I read an old thread on this topic and didn't quite get any ideas I haven't tried. My three different varieties of filberts are healthy 10 year old trees and I have only seen 2 filberts in all that time. I get lots of lovely catkins all over them, I'm keeping a careful eye out this year for the female flowers to make their appearance. The foliage is lush and healthy, the male catkins are everywhere. There is no sign of disease and everything else in the orchard produces like gangbusters (except for a finicky pear tree that only produces when everything is perfect) I live in the Pacific NW so I may have an issue with fog or humidity affecting the viability of the pollen??? The only other crop I've had this issue with was corn, which grew lovely healthy plants, with ears that only had one or 2 kernels on each ear. Suggestions anyone???

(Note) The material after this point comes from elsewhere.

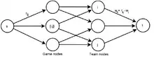 فرض کنید گراف شبکهای با باشد که و به ترتیب مبدأ و مقصد را تعیین میکنند. یک رأس را به طوری که به گراف اضافه میکنیم و آن را با یالی با ظرفیت به وصل میکنیم که تعداد بازیهای بین دو تیم و را نشان میدهد. هم چنین برای هر تیم یک رأس ایجاد میکنیم و هر رأس را به رأسهای و وصل میکنیم تا تضمین کنیم یکی از آنها برنده میشود. برای این یالها ظرفیتی تعیین نمیکنیم. در انتها، وزن یال بین تیم و مقصد را wk+rk–wi قرار میدهیم تا تعداد بردهای تیم i از wk+rk تجاوز نکند. مجموعهٔ تیمهای شرکتکننده در لیگ را مینامیم و . ادعا میکنیم تیم حذف نمیشود اگر و تنها اگر اندازهٔ جریانی با مقدار در شبکهٔ وجود داشته باشد. در مقالهٔ مذکور نشان داده شده که این مقدار همان مقدار بیشینهٔ جریان از به است.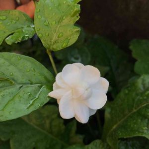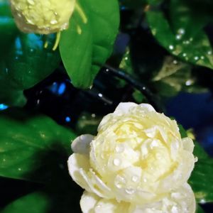 おはようございます♪̊̈♪̆̈ ポツポツ雨降り☂️ 25°Cが涼しく感じます☺️ 八重咲きジャスミン こちらもポツポツと🥰 去年もこんな感じで ひとつお花が終わると、ひとつ咲く🌸 いい香りに癒されます😌゚・*:.。❁

What is your early spring weather like? The female flowers will freeze if it gets really cold and then you won't get a crop. The other issue that usually affects fruitset (nutset?) on hazels is if the male flowers don't release their pollen until after the female flowers have gone by, which can happen if your weather is particularly weird in the spring. Also they are wind pollinated, so I suppose that if the air is saturated with moisture and very still the pollen might not get to the female flowers. Have you checked for nuts while they would still be green? They can be very hard to see then, but sometimes the trees set plenty of nuts but things come along and eat them before they have a chance to get ripe (this happens to us a lot).
posted 9 years ago
I'm on the Olympic Peninsula so springs can vary wildly from year to year. I just learned about how to spot the female flowers this summer so I'm going to be watching for them this year and seeing what the weather is when they are out. Right now, 2 of the trees are starting to lose leaves and the 3rd is more protected and still full of green leaves. All three trees are covered in the male catkins. Does anyone know at what temperature the female flowers appear? If it's too cold does that inhibit bloom production until it warms up or is it a timing thing? By the end of this growing season I plan to be an expert in filbert pollination!!!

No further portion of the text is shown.